Terraform provider plugins are child processes which Terraform Core interacts with via sockets on the local loopback interface, and some software firewalls prevent packets from reaching a local listen socket, either blocking it altogether or requiring a manual approval to do so.

Do you have any firewall software on your Windows system that might be blocking requests like these?

@apparentlymart did u see the original ticket this just started happening with a specific version of azurerm provider. It def looks firewall related

Are there details about which ports the providers are trying to open? Its all gRPC still yes? I saw some old posts about a env cookie to pass to try to see the ports but didnt seem to work.

Hi @drdamour,

By default the plugin processes ask the OS to allocate a listen port automatically, so there is no predictable port number. However, it looks like the underlying library has environment variables PLUGIN_MIN_PORT and PLUGIN_MAX_PORT which you can set together to constrain it to try to use a particular range of ports.
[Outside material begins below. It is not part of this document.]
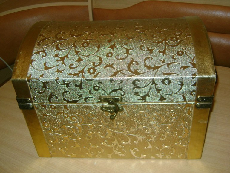 В этом году-большой золотой сундук,очень прочный с металлическими вставками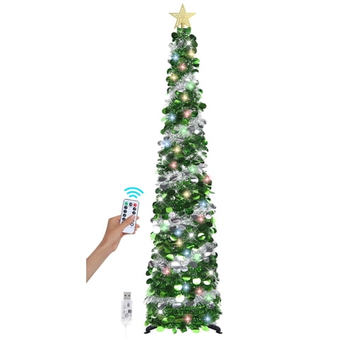 Espumillón Desplegable Hmasyo Para Árbol De Navidad, De 6 Pies, Con 100 Luces Led

If you set them both to the same value then I think that would force it to try that specific port number, assuming it's available, in case having that constrained is helpful for debugging. (Though if your configuration calls for multiple plugins you'll need at least enough distinct port numbers in the range for them all to listen at once, so if you're using this debug strategy it'd be best to do it with a very minimal configuration that only uses one plugin.)

Hello!

I've tried to reproduce this issue, and confirmed for myself that on a Windows 10 VM with Terraform 0.12.26, I'm able to use Terraform and the AzureRM provider to create and destroy a resource group.

We exclusively use GitHub issues for tracking bugs and enhancements, rather than for questions. While we can sometimes help with certain simple problems here, it's better to use the community forum where there are more people ready to help.

Based on the information you've provided, it looks like this doesn't represent a specific bug or feature request, even though I am empathetic to what sounds like a very difficult troubleshooting situation, and so I'm going to close it. I hope that you and @apparentlymart can continue troubleshooting in the community forum - please open a thread there and feel free to post that back here after it's closed to link them together. I don't want to shut down this conversation.

@danieldreier there are multiple people experiencing this issue and only with a recent version of azurerm i think this should remain open

It never happens with azure rm 2.6 and always happens with later versions

Sure! I'll re-open it.

@apparentlymart I have uploaded 2 trace logs to https://github.com/sai-ns/terraformlogs if that is what you are waiting for. terraform plan works like 1 in 100 times but fails when I run terraform apply.
Just like everyone else, I started seeing this issues since azurerm 2.7. I was waiting for few bugs to be fixed in 2.7 and 2.8 and when I am ready to test it, terraform itself starting throwing these errors.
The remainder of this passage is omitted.